First the obligatory photo of the coastline looking north to Godrevy and Portreath. The sea a soft turquoise in the evening light.
Instead of taking the first stile and the steep, but short route up the hill, we continued along the lane as far as the woodland edge before entering onto the horse trail through the gate. The air was still. The sky a pure cornflower blue and it was pleasantly warm.
We had a peek into the wood, but although we could see some of the blue stuff in patches of sunlight, we decided to head up the hill following the horse track. It was a slow journey as I was forever stopping to look at the flowers, the rocks, the trees, the views.

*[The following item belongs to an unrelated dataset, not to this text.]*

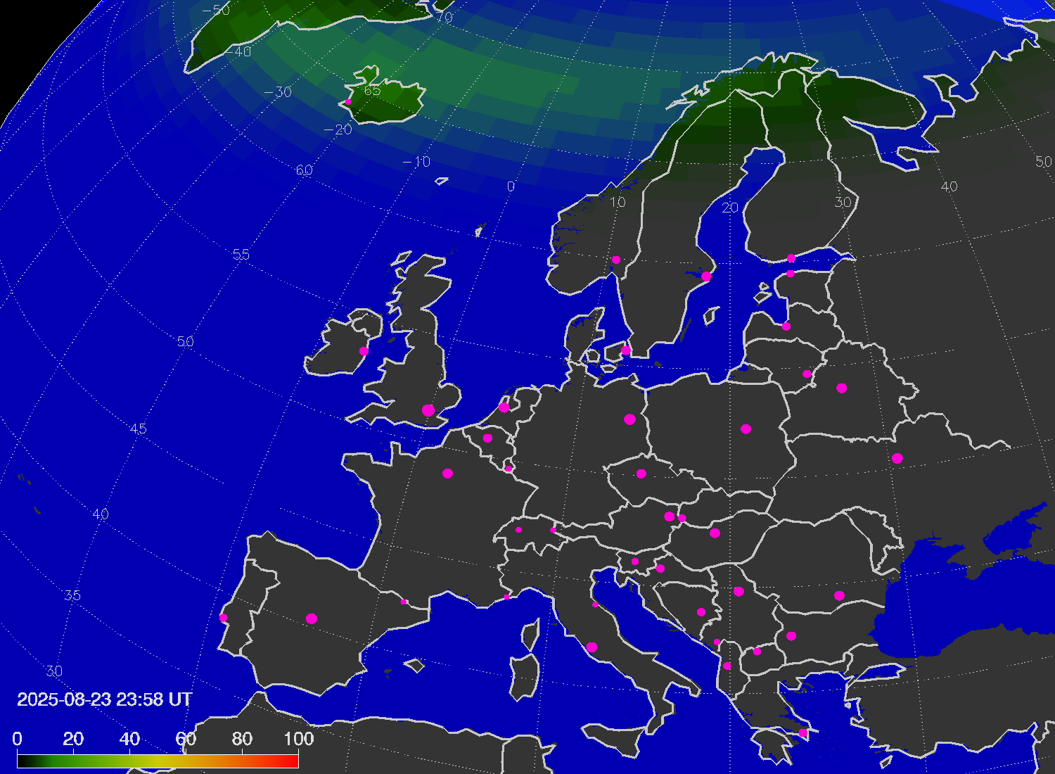 Probability of northern lights (auroras) in cities of Europe

Once on the top we slowly circled around making the most of the 360° views. St Michael’s Mount and Mount’s Bay to the south, Hayle to the north, Wheal Alice below and the farmland between the hill and the sea. We struggled to try and identify where the A30 runs in all of this greenery as the road and the houses along the route seem to completely disappear.

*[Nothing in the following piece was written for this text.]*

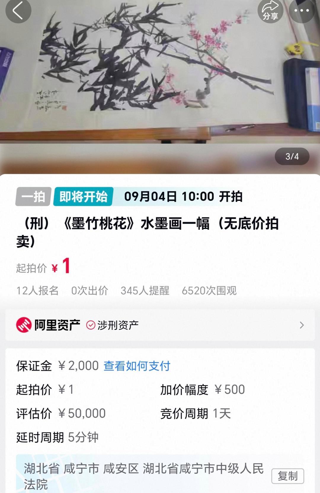 8月26日,红星新闻记者从阿里司法拍卖平台获悉,湖北省咸宁市中级人民法院将于9月4日对一幅名为《墨竹桃花》的水墨画作品以1元的起拍价进行司法拍卖。拍卖平台信息显示,该“标的物”系涉刑资产无底价拍卖。

Leaving by the west gate we found ourselves in a wonderful little dell carpeted with violet-blue flowers. The air was heavy with the delicate perfume and the light was now changing into the golden hour pre-sunset, both redder and softer. The complete silence that we had been experiencing until now was replaced by the conversation between a pair of crows on the rocks and the songbirds in the trees doing the reverse of the dawn chorus.
The trees and the fields seemed greener and the bluebells more purple as we wound our way northwards along the track strewn with granite boulders and rocks and edged with bluebells, being careful not to tread on any bulbs.

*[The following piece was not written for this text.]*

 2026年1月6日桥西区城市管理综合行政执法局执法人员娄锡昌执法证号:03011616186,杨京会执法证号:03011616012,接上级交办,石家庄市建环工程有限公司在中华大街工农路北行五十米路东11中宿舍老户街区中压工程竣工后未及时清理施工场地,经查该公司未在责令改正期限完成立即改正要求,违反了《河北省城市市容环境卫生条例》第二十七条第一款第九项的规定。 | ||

As the sun slowly slid behind Trink Hill we made our way home wondering how on earth so many bluebells had made their home on the hill, but very grateful that they had.
Oh so beauitiful! Thanks for sharing this delight for the eyes. 🙂
A pleasure Pit.
What a lovely carpet of Bluebells! Love the rocks too and the glimpse of St Michael ‘s Mount.
The views from the hill are always rewarding. Except on a foggy day 😉
Lovely. Our bluebells were early this year
They were early here too, but still going strong.
Are the pinkish “bluebells” a Spanish variety? I had such fun searching out bluebell clumps while down your way and Devon. Lovely!
You do sometimes get white native bluebells, but blue, violet, pink or white flowers are the Spanish kind. They are pretty, but not scented.
That’s breathtaking,Jude: not only the bluebells, but also the glorious views. You are fortunate indeed to live in such a beautiful part of the world.
Although we don’t have a sea view or even a glimpse from the house, we do have lovely views of the hills around us. A two minute stroll up the lane gives us the sea view and I always appreciate it, even if living here has its issues, like no public transport or shops close by.
So pretty. I’ve only seen drifts of bluebells once, at Leura in the Blue Mountains. They’re a special sight.
I wonder if they were the Spanish kind?
I have no idea. They were quite beautiful.
Thank you for these…soothing and enlivening, both
They are a wonderful sight at this time of year. May is such a floriferous month – my favourite!
It’s lovely to see bluebells out in the open, with a coastal feeling. They are often in woods or on the edge of them around here. It’s like hearing Split Enz singing a Beatles song.